Find out how many of your staff would be interested in learning the language or in improving their linguistic skills. Your current staff are a valuable asset, and supporting them to allow them to help you to improve your bilingual service could be a very cost-effective investment.

This could vary from simple informal training, to enable staff to greet customers face to face or over the phone, to much more complicated specific requirements, depending on the needs of your business. Your first objective should be to maximise the language skills of those personnel who have direct contact with clients.

It is also important to set positive and appropriate response mechanisms in place. For example, responding with a phrase such as “I am learning [name of language]” rather than “sorry I don’t speak [name of language]”. This may well have training implications – in language sensitivity in addition to actual language learning.

Identifying the minority language speakers

It’s one thing to have staff who can speak the language, but quite another to make sure that your customers know where they are!
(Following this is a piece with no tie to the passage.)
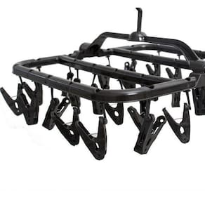 Características: - contém 26 prendedores de roupa. - possui suporte para ser pendurado. - dobrável. - cor: preto. - economiza espaço. - material leve e prático. - fácil armazenamento. - dimensões: 01 varal a 27cm x l 32,5cm x p 33cm, com 4 correntinhas, 1 suporte e 26 prendedores. - suporta: 0,500 kg - composição: estrutura do produto: polipropileno / mola: aço
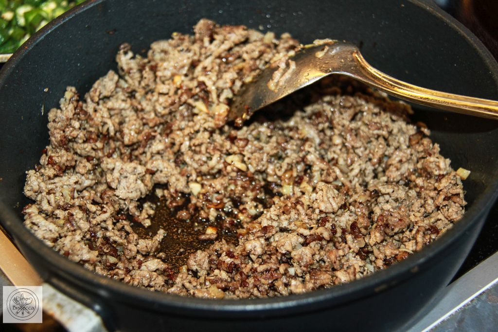 Die Zwiebel und die Knoblauchzehen in wenig Oel knusprig braten, dann das Hackfleisch zugeben und alles gut durchbraten. Gut würzen!

You can suggest that staff indicate their ability to use the language by means of badges, desk signs and so on.

Greeting and thanking

Whether they speak the minority language fluently or not, everyone can learn to greet and thank customers bilingually, face to face and over the phone. Minority language customers don’t automatically expect a full service in that language every time they hear a bilingual greeting, but they will appreciate your efforts to use the language and to respect the principle of language choice.

Recruiting

Why not consider recruiting bilingual staff? You can note in job advertisements that you welcome applications from speakers of regional or minority languages, or you can denote some key jobs where speaking these languages is desirable or essential, as appropriate.

Many companies place bilingual job advertisements in the press. This can attract bilingual applicants for the jobs. You could also consider preparing bilingual job application forms.

Minority languages in the workplace

Dw I'n Dysgu CymraegEven if you don’t speak the regional or minority language yourself, there are ways in which you can let your staff know that you take pride in their bilingual skills. This is simply good management practice, as it increases employees’ sense of identity with and loyalty to the company. Support and encourage staff members to speak the language together at work, as well as offering customers bilingual services. This will help learners especially, to develop more confidence to use the language when dealing with customers.

If you play background music at work, what about tuning into a local station or play recorded music in the minority language – rock, traditional folk or classical.